Bradley, who finished with eight rebounds, didn't score in the final 11:19 of the game, but it wasn't a case of Southeast's offense being shut down as several players chipped in down the stretch with critical points. The Redhawks shot 56 percent from the field and outscored EKU by 20 points in the paint.

"Other people were doing their job and that's the thing about it," Nutt said of Bradley's scoring drought at the end of the game. "When people make adjustments, we don't force shots. ... We kept scoring."

The loss was the second at the buzzer this season for Southeast. Missouri State's Dorrian Williams banked in a 3 against the Redhawks to give his team the win on Dec. 29.

"At this moment right now you can't say anything," Nutt said. "You've just got to hurt and let that hurt happen. The thing that I did tell them is that I was very, very proud of their effort. I thought we came into a very tough place to play and I thought we dominated the game, especially in the second half. We controlled the game and we had our chances. If you stay in it long enough things like this will happen to you, and hopefully we can turn around and it'll happen to us one of these days, but we've got to make our own luck.

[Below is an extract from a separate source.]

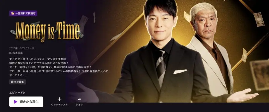 時間とお金という人生の根本的なテーマを中心としたゲーム形式の企画で、出演している芸人たちが展開する複雑な駆け引きが画面に映されます。

"I'm a firm believer that the sun is going to come up tomorrow, and as our long as our team is playing like this -- if you finish it's good enough. I thought we played our best. I thought there were just a couple plays here and there we kind of broke down, but I thought our best was good enough. These guys have nothing to be ashamed of. Absolutely nothing. To come on the road and have a chance to win this ballgame -- we felt like we had it. We felt like we had the game."

Southeast's next game is against OVC West opponent SIU Edwardsville. Tip-off is set for 7 p.m. Thursday at the Vadalabene Center in Edwardsville, Ill. The Redhawks beat the Cougars (8-15, 4-5 OVC) 82-78 on Jan. 23.

"What I don't want to do is get beat again Thursday night because of tonight," Nutt said. "We've got to somehow or another put this behind us."